This study was approved by the ethics committee of the Shenzhen Hospital Affiliated with Southern Medical University and carried out in accordance with the declaration of Helsinki (revised in Tokyo in 2004). Written informed consent was obtained from every patient.
Reagents and equipment
Herceptin (trastuzumab) was purchased from Roche, USA. 0.25% trypsin solution (cat no. 25200072), BCA protein assay kit (cat no. 23225), SDS-PAGE sample prep kit (cat no. 89888), RIPA buffer (cat no. J63306.AP), Lipofectamine™ 3000 Transfection Reagent (cat no. 13778150), ViraPower Lentiviral Packaging Mix (cat no. K497500), Protease Inhibitor Cocktail I (cat no. J64401.LQ), Pierce Direct Magnetic IP/Co-IP Kit (cat no. 88828), protein-G Dynabeads (cat no. 10003D), NP-40 lysis buffer (cat no. J60766.AP) were purchased from Thermal Scientific; OPTI-MEM reduced serum medium (cat no.31985-062 ) was from Gibco, USA;
Antibodies against β-catenin (cat no. ab223075, 1:1000 dilution), HER2 (cat no. ab134182, 1:1000 dilution), HER2 (phospho Y1248) (cat no. ab201013, 1:1200 dilution), HER3 (cat no. ab32121, 1:1000 dilution), HER3 (phospho Y1289) (cat no. ab76469, 1:1000 dilution), SRC (cat no. ab133283 1:1000 dilution), SRC (phospho Y416) (cat no. ab278693, 1:1000 dilution), horseradish peroxidase (HRP)-conjugated secondary antibody (cat no. ab6728, 1:1500), goat anti-mouse IgG H&L (Alexa Fluor® 488) (cat no. ab150113, 1:1500), goat anti-mouse IgG H&L (Alexa Fluor® 488) (cat no. ab150113, 1:1500), goat anti-mouse IgG H&L (Alexa Fluor® 555) (cat no. ab150114, 1:1500) ECL kit (cat no. ab133406) were purchased from Abcam, Waltham, MA, USA. FLAG antibody (cat no. F1804, 1:1500), type VII agarose (cat no. 39346-81-1) was purchased from Sigma-Aldrich. Colony counter (PhenoBooth+) was purchased from Singer Instruments, UK. Trans-Blot Turbo Transfer System was a product of Bio-Rad laboratories, USA.
Immunohistochemistry
The 5 μm transverse tissue sections were deparaffinized and rehydrated by going through an ethanol gradient. After washing in water, the slides were autoclaved for 4 min in sodium citrate buffer for antigen retrieval. Endogenous peroxidase activity was suppressed by treating with hydrogen peroxidase for 5 min at room temperature. The tissue sections were rinsed with tris buffered saline 1X (TBS), reacted to primary antibody against β-catenin for 1 h and subsequently washed with TBS for three times, and incubated with horse radish peroxidase-conjugated anti-goat IgG (H+L) for 30 min. Diaminobenzidine (DAB) and haematoxylin chromogen (Dako, Glostrup, Denmark) method was used to visualize the immunoreactivity. The slides were examined under a light microscope to score β-catenin-positive cells. For each sample, 10 randomly selected fields were evaluated.

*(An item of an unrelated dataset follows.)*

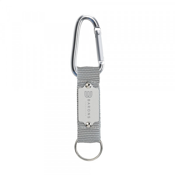 Karabijnhaak gecombineerd met sterk geweven nylon aan stevige sleutelring.

Cell lines and culture conditions
Human cells MCF7 (cat no. HTB-22), BT474 (cat no. HTB-20), SKBr3 (cat no. HTB-30), and MDA-MB-231 (cat no. HTB-26) were purchased from American Type Collection Center, Manassas, VA, USA and were cultured in Eagle’s minimum essential medium (EMEM) (ATCC cat no. 20-2003) with 10% fetal bovine serum (FBS, (ATCC cat no. 30-2020), and 50 U/ml penicillin, and 50 μg/ml streptomycin sulfate (Fisher Scientific MT30001CI). All cell lines were cultured in 5% CO2 at 37°C in a humidified incubator as instructed by the manufacturer. HEK293T cells were grown to produce virus for transfection experiment as previously described (Cipriano et al., 2010) in DMEM medium (cat no. 12491, Thermo Scientific, Wilmington, Delaware, USA) supplemented with 5% FBS. Cultured cells were routinely tested for mycoplasma contamination using MycoSEQ Mycoplasma Detection Kit (cat no. 4460626, Thermo Scientific) to ensure they were mycoplasma-free.

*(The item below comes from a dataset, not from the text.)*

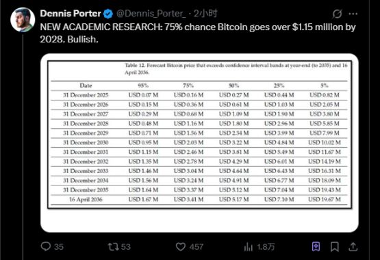 之前,MicroStrategy 预测比特币 2036 年将达到 240 万美元,ARK Invest 更激进地预测 2030 年 380 万美元。这些数字一直被大家批评为过于乐观,或者是屁股决定脑袋。

Vectors and cell transfection
To generate the cell lines overexpressing β-catenin and HER2, Lentiviral vectors pLV-Puro-CMV containing β-catenin and HER2 were constructed (Cyagen Biosciences, USA). BT474 and SKBr3 cells were seeded into the wells of 12-well plates at a density of 1×105 cells/well, grown to a confluency of 70–80%. The cells were transfected with vectors at multiplicity of infection (MOI) 50 based on the results of a pilot study. Mock transfection with LV-EGFP was employed as a negative control. Cell morphology was examined after transfection and the culture medium was refreshed 12 h after the transfection. Stably transfected clones were selected using puromycin at 1.5 μg/ml. The expression of genes was assessed using Western blot analysis.

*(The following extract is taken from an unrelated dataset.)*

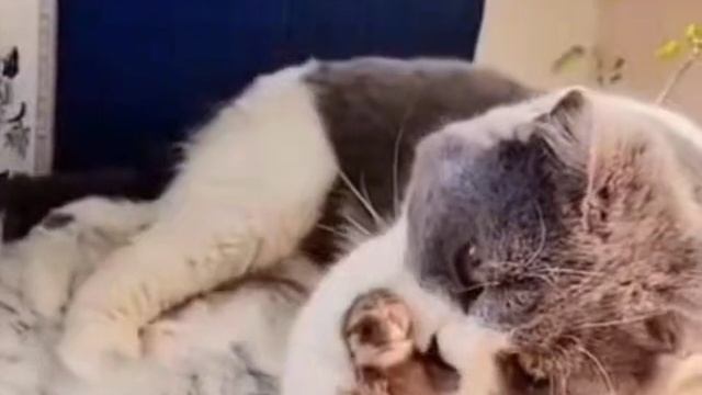 Кошка высиживает яйца

Plasmids encoding shRNAs targeting SRC were designed using tools provided by the Genetic Perturbation Platform (https://portals.broadinstitute.org/gpp/public/) and inserted into pLKO.1. Lentiviral vectors were transfected into HEK293T cells using Lipofectamine 2000 together with ViraPower Lentiviral Packaging Mix according to the manufacturer’s instructions. Supernatants containing viruses were collected and used to infect cells for 16 hours. Cells at 90% confluency were harvested, re-suspended in FBS-free DMEM medium, transfected with the shRNA vectors (5 µg/well) and 250 µl Opti-MEM and Lipofectamine 3000 according to the manufacturer’s instructions. After incubation for 20 min, the transfection mixtures were added to the wells of 24-well plates to culture for 4 h.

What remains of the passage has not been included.